Driving in to the Land of Priorat
Our Spanish wine roads, courtesy of Freixenet, led us from the Ribera del Duero to Rioja (named after the Rio Oja) to the Priorat, a land reminiscent of where I live in western Colorado. That is, dry, rolling hills, with generally poor rocky soils and scattered vegetation where water is available, cold winters and short, hot summers. Of course, with the Mediterranean Sea “right over those mountains,” it has a maritime climate, which makes a huge difference in growing seasons.
Priorat also is a Denominacion de Origen Calificada (D.O.C.), one of only two in the entire country (Rioja is the other).
This means the DOC wines are subject to more-strenuous regulations and winemaking standards than non DOC wines. The Priorat is in the southwest part of Catalonia and its language, Catalan, is vastly different from Spanish, which made it impossible to understand to this novice Spanish student.

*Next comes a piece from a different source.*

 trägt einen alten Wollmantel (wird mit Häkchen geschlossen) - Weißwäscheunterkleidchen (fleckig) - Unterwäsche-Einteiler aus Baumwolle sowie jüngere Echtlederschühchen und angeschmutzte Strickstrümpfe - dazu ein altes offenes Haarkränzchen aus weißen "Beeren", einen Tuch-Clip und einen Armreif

The Catalonians are justly proud of their separate identities and culture, and the name “Priorat,” which appears on wine bottles, is the Catalan spelling while “Priorato” is the Spanish. Garnacha (elsewhere known as Grenache) becomes the primary red grape here, with supporting roles played by Cariñena, Cabernet Sauvignon, Merlot and Syrah.
Our first stop was the remote (we switched to a smaller bus just to make the narrow road) bodega of Viticultores del Priorat where associate winemaker Maria-Jose Bajon led us a on quick hike up the hill and a view of much of Priorat, a fairly small region – about 20,000 hectares or less than 50,000 acres, of which about 1,800 hectares are vineyards.

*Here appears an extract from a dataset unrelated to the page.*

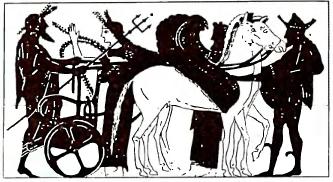Рис. 2. Посейдон на колеснице. Рисунок XIX века, сделанный с античной вазы Семьюдесятью сантиметрами выше захоронен кроманьонец ростом 194 сантиметра, среднего возраста. Руки его были согнуты в локтях и покоились на груди, он лежал ногами к входу в грот. На его груди и на поясе обнаружены остатки украшений из раковин, на голове – убор из просверленных раковин и зубов оленя. У головы – обломок рога оленя, украшенного резьбой. Еще выше обнаружен скелет женщины ростом 154 сантиметра. И в некоторых других местах находят «богов» ростом около двух метров, а рядом с ними – женщин «современного» роста – около метра шестидесяти. Автор назвал грот Гримальди могилой Посейдона. Великан-кроманьонец около двух метров ростом вполне мог быть местным Посейдоном, а женщина, лежащая в том же погребении, – здешней Клейто. Подросток – их сын. Все это очень похоже на ситуацию, о которой говорит Платон. Отметим еще, что костяки окрашивали краской и в Чатал-Гююке, но там людей хоронили уже под специальными глиняными платформами, окрашенными в красный цвет. Отсюда, как мне кажется, древнее сочетание: «смерть чермная», то есть «смерть красная». Поздняя народная этимология испортила одно из слов языка богов-кроманьонцев, получилось: «смерть черная». Выражение это уже лишено смысла в применении к смерти вообще, ибо черной смертью чаще всего называли смерть от чумы. Красный цвет – цвет смерти богов, цвет огня, который использовался позднее для погребального сожжения. Об этом мы найдем упоминания в скандинавских сагах (вспомним; что, согласно Допелли, город скандинавских богов Асгард имел отношение к Атлантиде). Теперь, думается, читатель может верить Платону. В его сочинениях рассказывается о быте, нравах, государственном устройстве земель атлантов. Вместе с тем кое-что верно и для Европы. «Произведя на свет пять раз по чете близнецов мужского пола, Посейдон взрастил их и поделил весь остров Атлантиду на десять частей, причем тому из старшей четы, кто родился первым, он отдал дом матери и окрестные владения, как наибольшую и наилучшую долю, и поставил его царем над остальными, а этих остальных сделал архонтами, каждому из которых он дал власть над многолюдным народом и обширной страной. Имена же всем он дал вот какие: старшему и царю – то имя, по которому названы и остров, и море, что именуется Атлантическим, ибо имя того, кто первым получил тогда царство, было Атлант. Близнецу, родившемуся вслед за ним и получившему в удел окраинные земли острова со стороны Геракловых столпов вплоть до нынешней страны гадиритов, называемой по тому уделу, было дано имя, которое можно было бы передать по-эллински как Евмел, а на туземном наречии – как Гадир. Из второй четы близнецов он одного назвал Амфереем, а другого – Евэмопом, из третьей – старшего Мне-сеем, а младшего – Автохтоном, из четвертой – Еласиппом старшего и Мнестором младшего и, наконец, из пятой четы старшего он нарек Азаэс, а младшего – Диапреп. Все они и их потомки жили там, властвуя над многими другими островами этого моря, и, как уже было сказано ранее, власть их простиралась по эту сторону Геракловых столпов, вплоть до Египта и Тиррении». Из этих строк явствует, что Египет и нынешняя Италия (Тиррения) были колониями атлантов. Это дает нам право взглянуть на грот Гримальди по-новому. Кроманьонец, захороненный там, вер

She told us the wines often reflect the unique “licorecella” soil, comprised of black slate and quartz mica outcropping, both of which influence the wines. In addition to the Morlanda red (a 50/50 blend of Garnacha and Caiñena) the winery makes a very interesting Morlanda white (Morlanda is the name of the small peak on whose slopes the winery was built) made of Garnacha Blanca, which Maria-Jose told us almost went extinct before the winery “rediscovered” it and a small percentage of Macabeo.
“We are not a trendy winery,” she warned us, her dark eyes flashing as if we would dare make such a proposal. “We want to make wines that are true to the traditional (grape) strains we cultivate.”
The vines mostly range in age from 25-40 years old although I thought (Hey, my Spanish isn’t nearly as good as her Catalan) Maria-Jose said there were some nearly 60. She also gave much credit to earlier efforts more than 30 years ago by pioneering winemakers Rene Barbier and Alvaro Palacios in establishing the Priorat as a winemaking region.
My tasting notes recall the 2007 Morlanda red (the most recent vintage released) as being quite delightful, having dark cherry flavors and some notes of licorice and dark chocolate. The Morlanda white had hints of white peaches, citrus and fresh apple and crisp acidity.
A remote winery with distinctive wines and an associate winemaker conveying a hawk-like intensity in being true to the land and the grapes it produces.